None of those precautions mattered.

The media, unable to talk to a quick-changing Smith, pressed Jordan on the presumed up-and-comer’s big game.
“I knew they asked him a bunch of questions so they already were throwing gas on the fire,” Smith said.
Jordan, known to hold a grudge and even make up one where it doesn’t exist for motivation, decided Smith had disrespected him with his performance and was hellbent on revenge.
Smith already knew what was coming, but it was confirmed during pregame when a couple Bulls players warned him.
“B.J. Armstrong and Rodney McCray saw me at halfcourt when I was stretching and said, ‘L.A., I hope you got your rest because Michael told us to take the night off and just get him the ball,’” Smith said.
It definitely wasn’t the news Smith was hoping to hear. That night, with a supposed point to prove, Jordan went off for 36 points in the first half, finishing with 47 in just 31 minutes as the Bulls blitzed the Bullets 126-101. Smith finished with 15 points, well above his season average of 9.3.
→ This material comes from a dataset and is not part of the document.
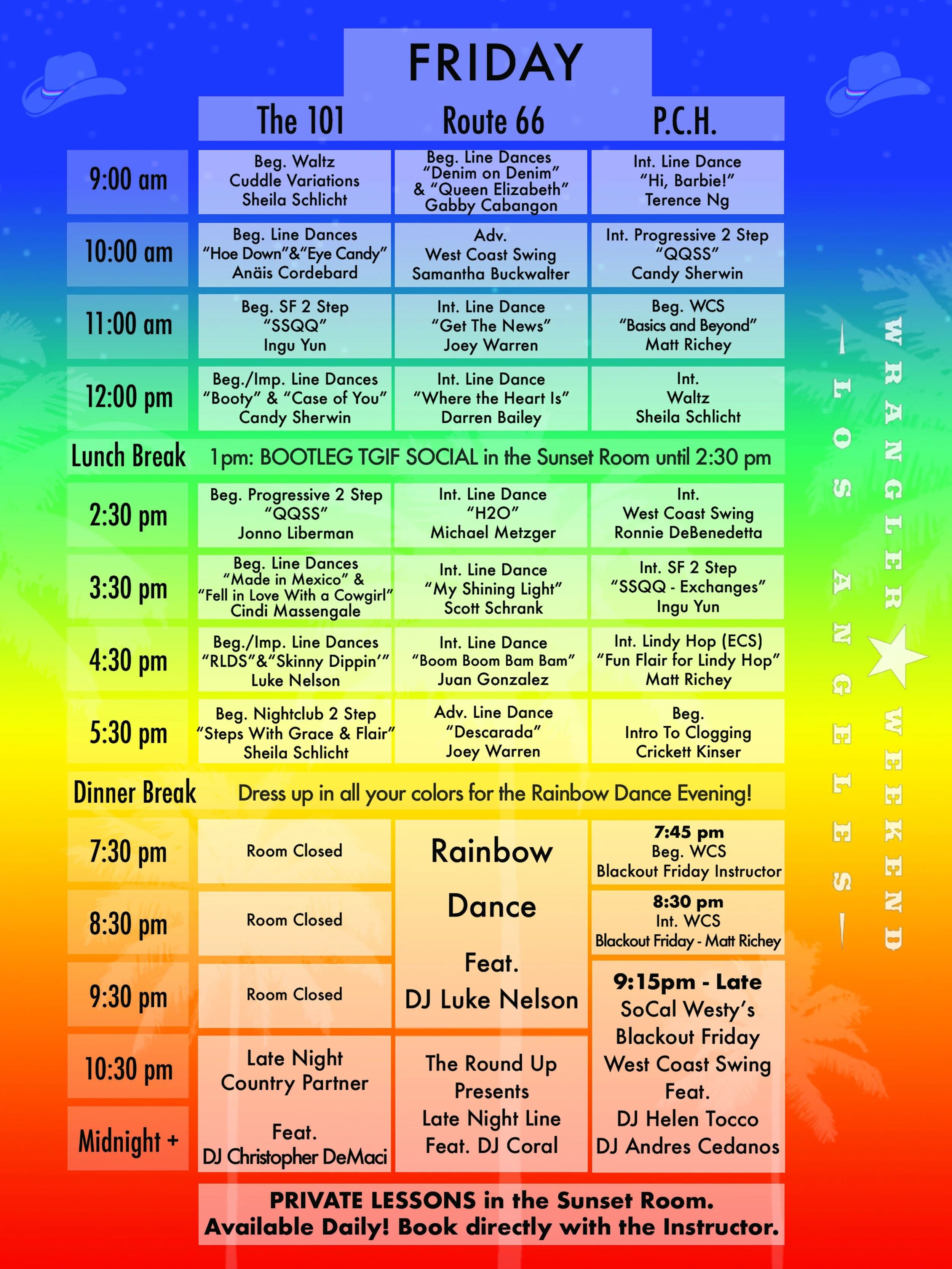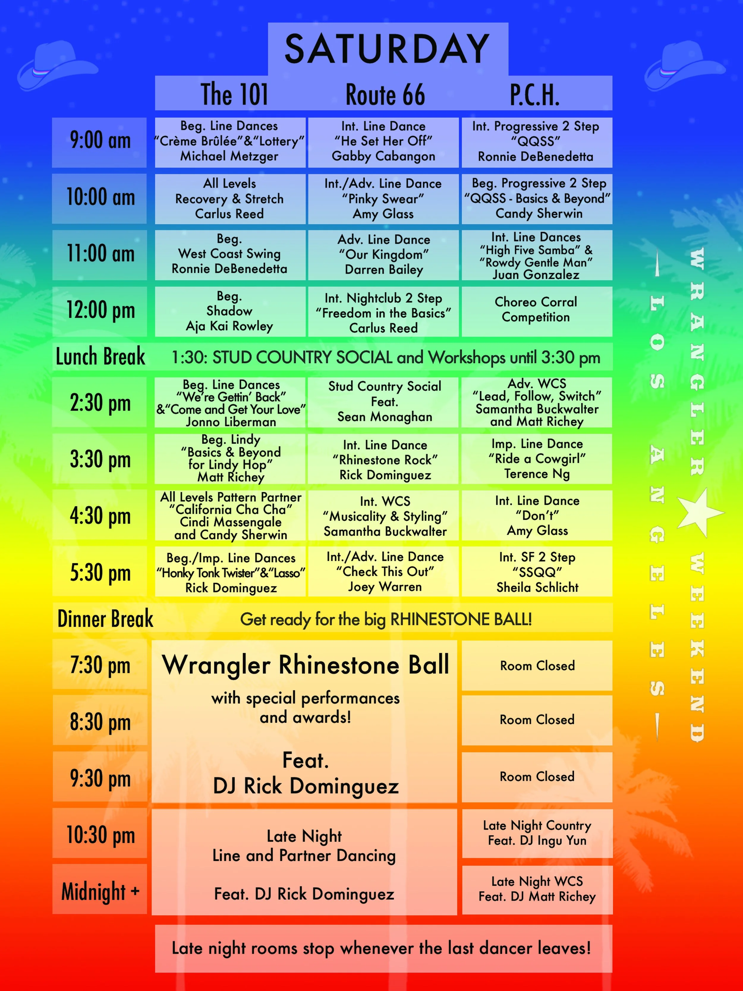 We have previously had three ballrooms dedicated to different styles of dancing starting at 10:00p on Friday (9:30p for SoCal Westy), and 10:30p on Saturday.  All three ballrooms will feature floors of over 2,000 square feet.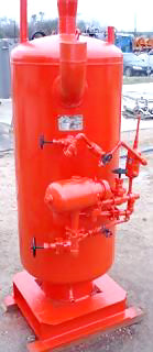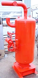 Vilter Ammonia Vertical Intercooler- 300 Gallon. S/N: B-29995-7B. Nat'l Bd: 7984. Shell side MAWP: 150 psi @ 650 °F. Inlets/outlets: (1) 1/2 in. dia. port, (1) 1 in. dia. port, (2) 1-1/2 in. dia. FNPT fittings, (2) 2 in. dia. ports, (1) 5 in. dia. port, (1) 6 in. dia. port. Overall dimensions: 3 ft. 6 in. L x 3 ft. W x 10 ft. 10 in. H.(HB2)

In the locker room, Jordan told reporters he was motivated because after the previous night’s game Smith had mocked him by sarcastically saying, “Good game, Mike.”
That was news to Smith.
At first, he thought the whole thing was a media concoction, but was shocked when he found out Jordan actually told the manufactured story himself.
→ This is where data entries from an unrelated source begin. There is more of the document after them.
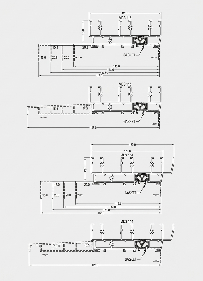 Modern Slide oferuje specjalny wariant, w którym skrzydła chowają się całkowicie wewnątrz ściany budynku, otwierając pełne światło przejścia.
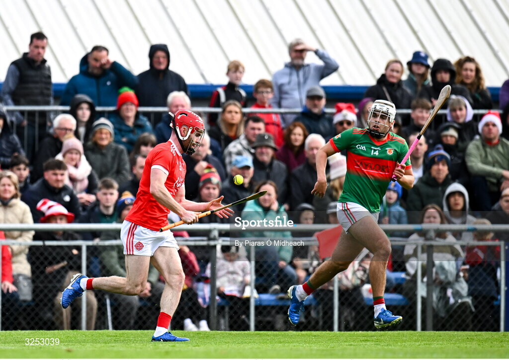 5 October 2025; Liam Corry of Éire Óg Ennis in action against Callum Hassett of Clooney Quin during the Clare County Senior Club Hurling Championship final match between Clooney Quin and Éire Óg Ennis at Zimmer Biomet Páirc Chíosóg in Ennis, Clare. Photo by Piaras Ó Mídheach/Sportsfile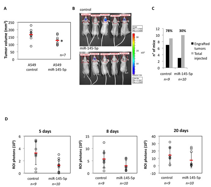 To test in vivo the antitumoral effects of miR-145-5p, we subcutaneously injected nu/nu athymic mice with either human lung cancer cells, either control A549 cells, or A549 cells expressing an exogenous miR-145-5p (A549/miR-145-5p). We firstly observed in vitro that ectopic expression of miR-145-5p markedly reduced migration of A549 cells but had no effect on cell proliferation and viability (Supplementary Figure S6A-C). We found that the engraftment of A549/miR-145-5p cells was significantly less efficient than that of A549 control lung cancer cells (Figure 2A). To investigate the role of miR-145-5p on brain metastasis we performed intracranial orthotopically injection of A549-luc/miR-145-5p and A549-luc/control cells in nu/nu athymic mice. Bioluminescence images collected at day 8 and at day 20 revealed that A549-luc/miR-145-5p engrafted in 3/10 mice (30%) while A549-luc/control cells in 7/9 (64%) mice (Figure 2B-2D). Specifically, on day 5, three miR-145 mice displayed ROI >=2. On days 8 and 20, these three animals had median (range) ROI of 5.85 (5.75-6.15) and 23 (19-25) (Figure 2D). In contrast, on day 5, seven miR-145 mice had ROI<2. By day 8 or day 20, these seven animals had median (range) ROI of 1.32 (1-2.8) and 0.8 (0.2-2.6), respectively (Figure 2D). The median differences were statistically significant (p = 0.022 at day 8 and p = 0.017 at day 20). In parallel, amongst control mice, on day 5 seven animals had ROI >=2, and on day 8 and 20 these animals displayed median (range) ROI of 5.53 (4.3-12.4) and 13.8 (10-32) (Figure 2D), respectively. On day 5, the two control mice displayed ROI<2 and their median (range) on day 8 and day 20 were ROI of 1.55 (0.9-2.2) and 1.15 (1-1.3), respectively (Figure 2D). The median differences were statistically significant (p = 0.056 at day 8 and day 20). Altogether these findings strongly support an in vivo evidence of the role of miR-145-5p in brain metastasis.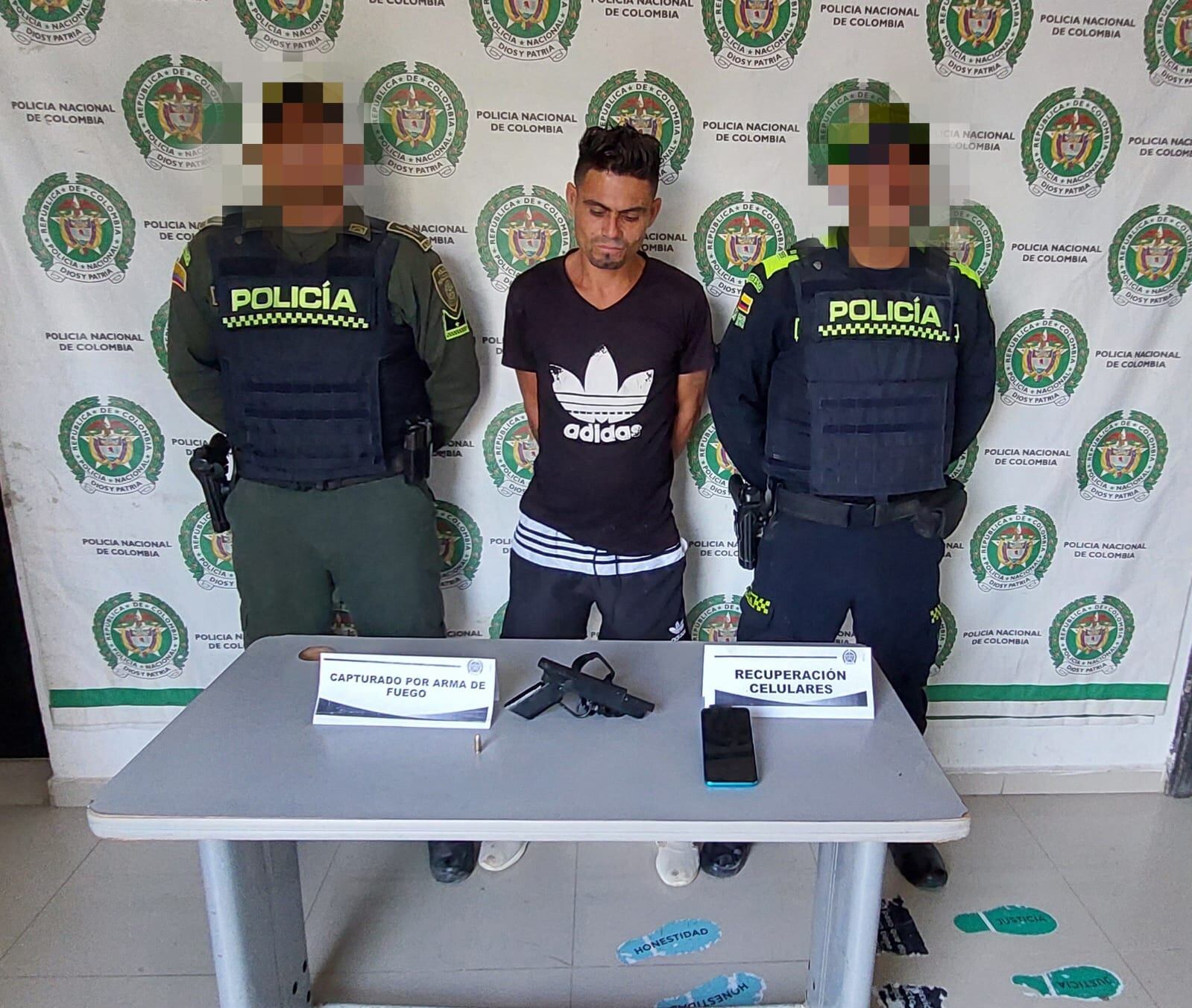 A “antibiotico” le hallaron en su poder un arma de fuego tipo artesanal con un cartucho para la misma y el celular que minutos antes le había hurtado a su víctima. Éste fue dejado a disposición de la autoridad competente por el delito de tráfico y porte de armas de fuego. Se espera que en los próximos días un juez de la República defina su situación judicial.

“I didn’t try to argue about it or anything, though,” Smith said. “I’m trying to make a name for myself in the NBA, so I wasn’t going to go back and forth with him about it.”
Smith, who spent three seasons in the NBA with the Bullets and Kings before playing professionally overseas for five more seasons, has seen Jordan plenty of times since he retired and now they laugh about the night Jordan made up a story about a supposedly disrespectful Smith.
“We have friends that always joke with him, ‘L.A. had a good night on you,’” Smith said. “But he’s always quick to fire back, ‘Yeah, but what about the next night?’”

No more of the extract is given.